* Information shown *
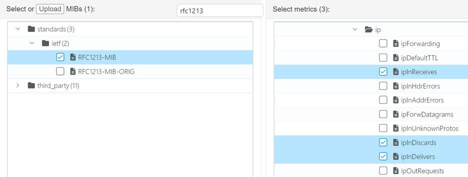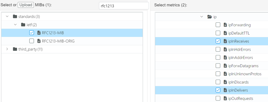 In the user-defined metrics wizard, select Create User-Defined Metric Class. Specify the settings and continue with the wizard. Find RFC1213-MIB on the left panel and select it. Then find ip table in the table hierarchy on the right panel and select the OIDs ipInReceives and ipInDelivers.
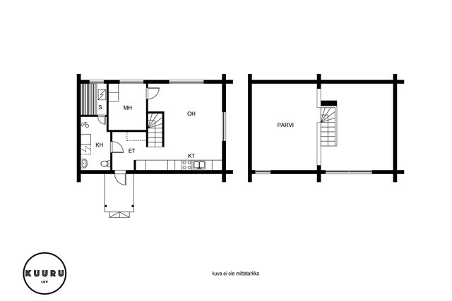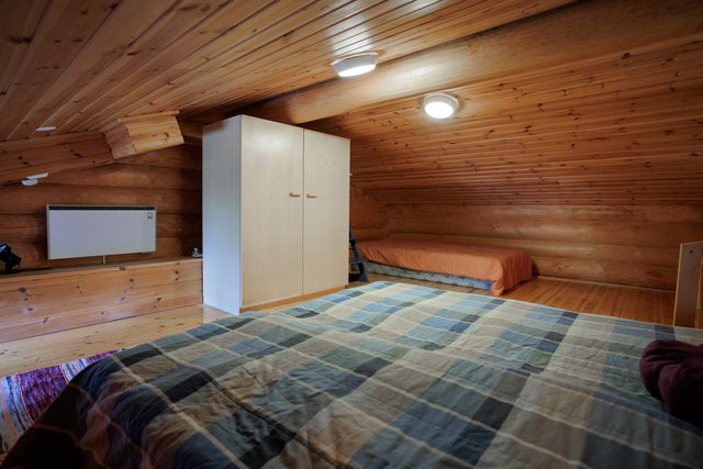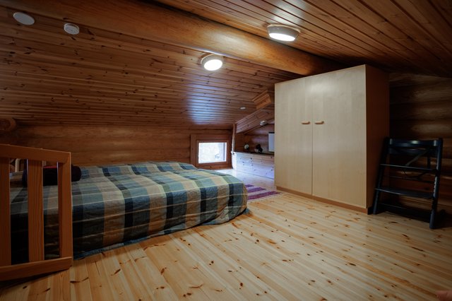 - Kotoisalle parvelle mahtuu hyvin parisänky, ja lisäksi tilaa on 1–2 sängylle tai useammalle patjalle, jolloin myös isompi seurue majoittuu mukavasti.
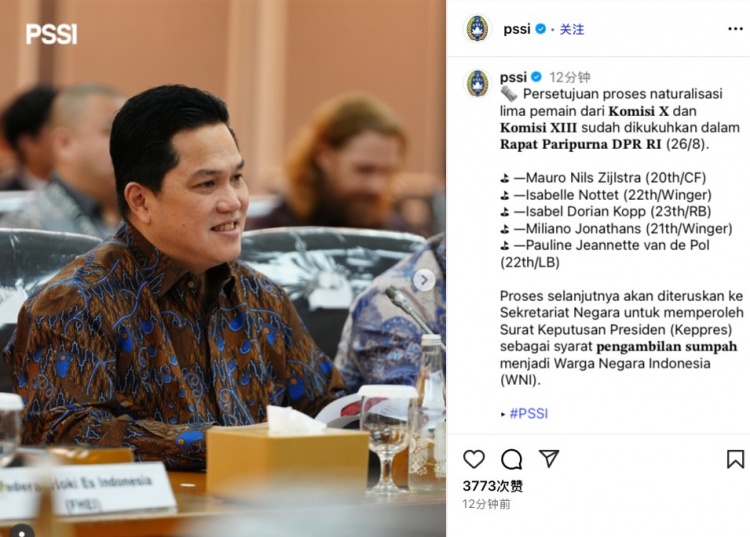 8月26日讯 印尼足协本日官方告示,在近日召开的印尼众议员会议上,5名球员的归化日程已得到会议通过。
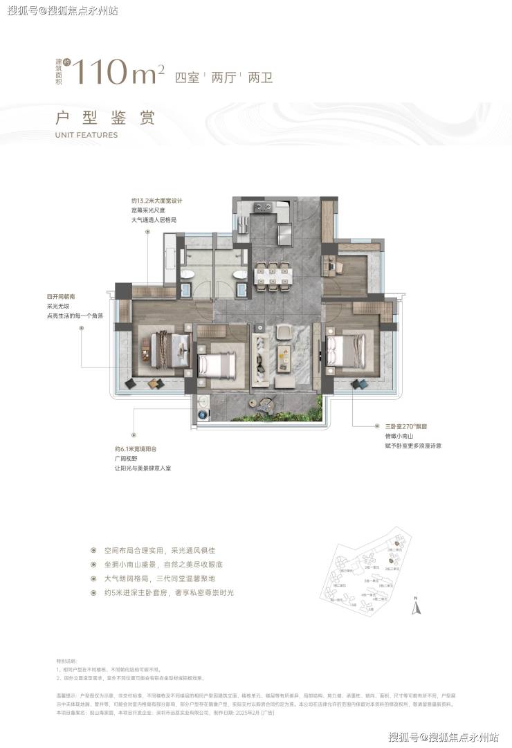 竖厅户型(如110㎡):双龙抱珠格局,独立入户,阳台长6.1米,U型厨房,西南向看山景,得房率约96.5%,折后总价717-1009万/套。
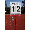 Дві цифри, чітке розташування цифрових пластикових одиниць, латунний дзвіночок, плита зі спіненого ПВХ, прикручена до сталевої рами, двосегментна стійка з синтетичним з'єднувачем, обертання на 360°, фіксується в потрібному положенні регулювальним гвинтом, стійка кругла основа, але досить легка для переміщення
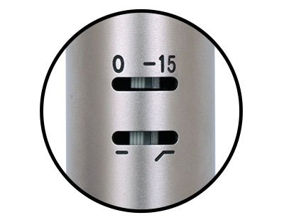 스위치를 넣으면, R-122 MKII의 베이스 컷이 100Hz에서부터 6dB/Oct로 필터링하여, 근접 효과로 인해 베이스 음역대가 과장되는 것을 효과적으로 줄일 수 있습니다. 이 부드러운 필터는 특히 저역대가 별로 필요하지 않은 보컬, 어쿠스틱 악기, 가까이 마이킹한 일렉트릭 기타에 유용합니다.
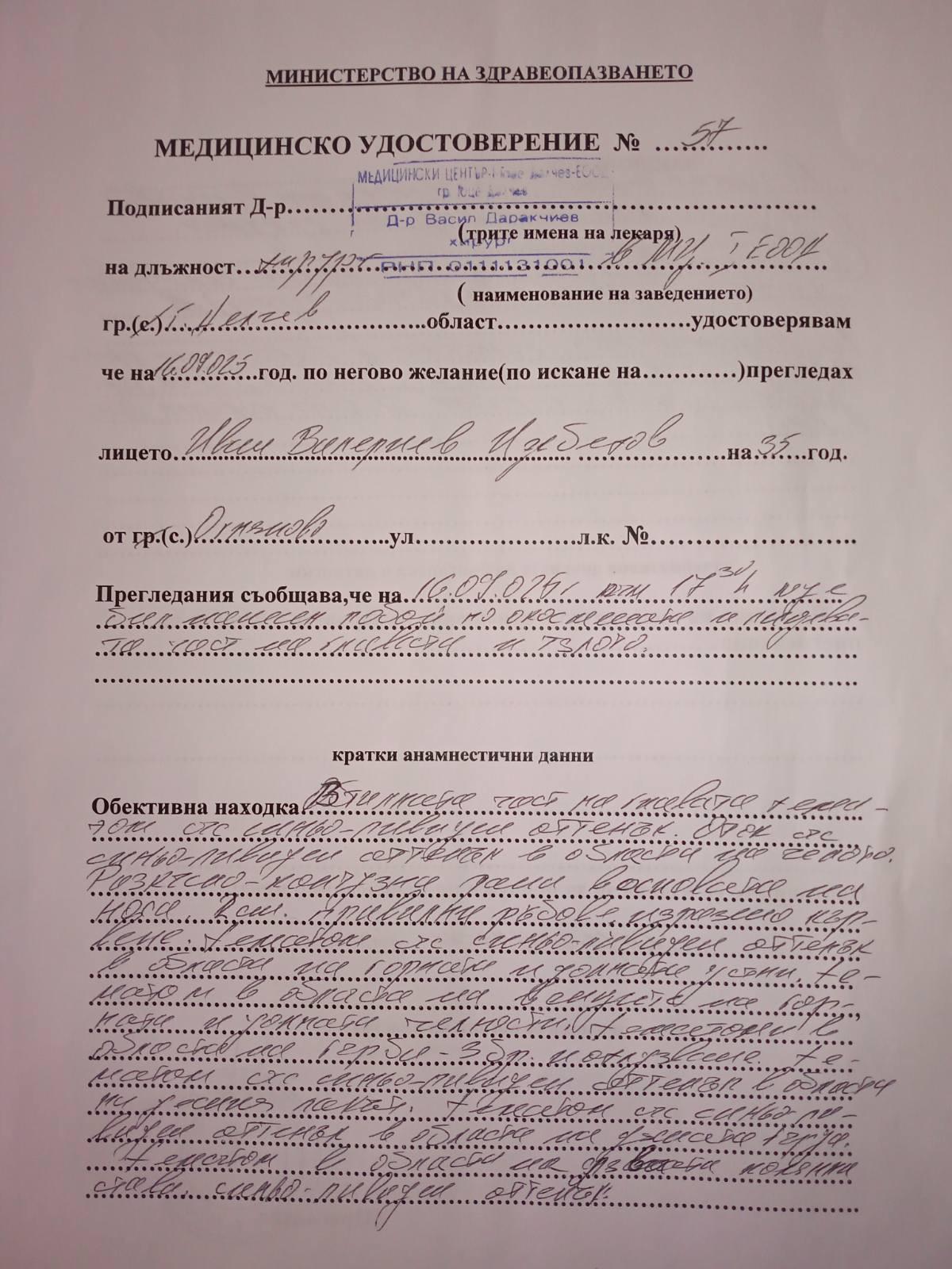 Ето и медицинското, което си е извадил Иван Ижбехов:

* Problem to work on *
Return the whole of the material above exactly, with no picture carried over.

* Answer section *
 In the user-defined metrics wizard, select Create User-Defined Metric Class. Specify the settings and continue with the wizard. Find RFC1213-MIB on the left panel and select it. Then find ip table in the table hierarchy on the right panel and select the OIDs ipInReceives and ipInDelivers.
 - Kotoisalle parvelle mahtuu hyvin parisänky, ja lisäksi tilaa on 1–2 sängylle tai useammalle patjalle, jolloin myös isompi seurue majoittuu mukavasti.
 8月26日讯 印尼足协本日官方告示,在近日召开的印尼众议员会议上,5名球员的归化日程已得到会议通过。
 竖厅户型(如110㎡):双龙抱珠格局,独立入户,阳台长6.1米,U型厨房,西南向看山景,得房率约96.5%,折后总价717-1009万/套。
 Дві цифри, чітке розташування цифрових пластикових одиниць, латунний дзвіночок, плита зі спіненого ПВХ, прикручена до сталевої рами, двосегментна стійка з синтетичним з'єднувачем, обертання на 360°, фіксується в потрібному положенні регулювальним гвинтом, стійка кругла основа, але досить легка для переміщення
 스위치를 넣으면, R-122 MKII의 베이스 컷이 100Hz에서부터 6dB/Oct로 필터링하여, 근접 효과로 인해 베이스 음역대가 과장되는 것을 효과적으로 줄일 수 있습니다. 이 부드러운 필터는 특히 저역대가 별로 필요하지 않은 보컬, 어쿠스틱 악기, 가까이 마이킹한 일렉트릭 기타에 유용합니다.
 Ето и медицинското, което си е извадил Иван Ижбехов:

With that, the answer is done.